Pada Agustus, BR memesan sejumlah item pendukung senilai Rp2,13 miliar. Seiring berjalan, BR juga membuat kesepakatan dengan penyedia lokal untuk pembuatan komponen tambahan sekaligus membayarkan uang muka.

Sementara itu, GP menyiapkan Kerangka Acuan Kerja (KAK) hanya dengan menyalin dokumen anggaran sebelumnya tanpa mencantumkan standar teknis seperti SNI, TKDN, PDN, ataupun garansi.

Dokumen pemeriksaan pekerjaan kemudian ditandatangani DJ pada 3 Desember 2024, menyatakan pekerjaan sudah 100 persen selesai. Faktanya, seluruh barang masih dalam peti dan belum terpasang di lokasi.

Adapun modus operandi dan peran tersangka yakni GP (PPK) diduga mengarahkan proyek kepada satu penyedia tertentu. Kemudian menyusun spesifikasi teknis tanpa survei, serta menyusun dokumen pengadaan yang tidak sesuai standar, dan menerima pekerjaan secara penuh walaupun barang belum terpasang.

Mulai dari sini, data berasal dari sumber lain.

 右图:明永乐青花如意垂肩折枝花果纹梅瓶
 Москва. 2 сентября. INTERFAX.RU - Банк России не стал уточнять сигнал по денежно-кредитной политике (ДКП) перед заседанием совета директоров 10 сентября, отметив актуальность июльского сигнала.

Selanjutnya DJ (PPTK), menandatangani dokumen survei harga yang tidak pernah dilakukan, membantu menyiapkan dokumen pengadaan menggunakan data dari penyedia, dan menandatangani kelengkapan administrasi untuk pembayaran meski pekerjaan belum rampung.

BR (Penyedia barang) memberikan dokumen teknis kepada DJ untuk mengunci spesifikasi sejak awa dan Menyiapkan tautan e-katalog, screenshot produk sebagai lampiran resmi, dan mengirim barang yang diduga tidak sesuai dengan ketentuan dokumen pengadaan.

Ketiga tersangka dijerat pasal tindak pidana korupsi berdasarkan UU 31/1999 jo UU 20/2001 serta Pasal 55 ayat (1) KUHP. Mereka menghadapi hukuman minimal 4 tahun penjara dan maksimal seumur hidup.

Penyidik memperkirakan kerugian negara mencapai Rp10,8 miliar dari proyek yang awalnya bernilai Rp20 miliar, namun melonjak menjadi Rp24,9 miliar.

Bambang menegaskan bahwa penetapan tiga tersangka ini bukan akhir dari kasus. Pihaknya masih menelusuri dugaan keterlibatan pihak lain, baik dari instansi pemerintah maupun perusahaan yang terkait pengadaan.

“Masih ada sejumlah pihak yang sedang diperiksa. Kami akan buka hasilnya ketika seluruh prosesnya sudah tuntas,” ucapnya.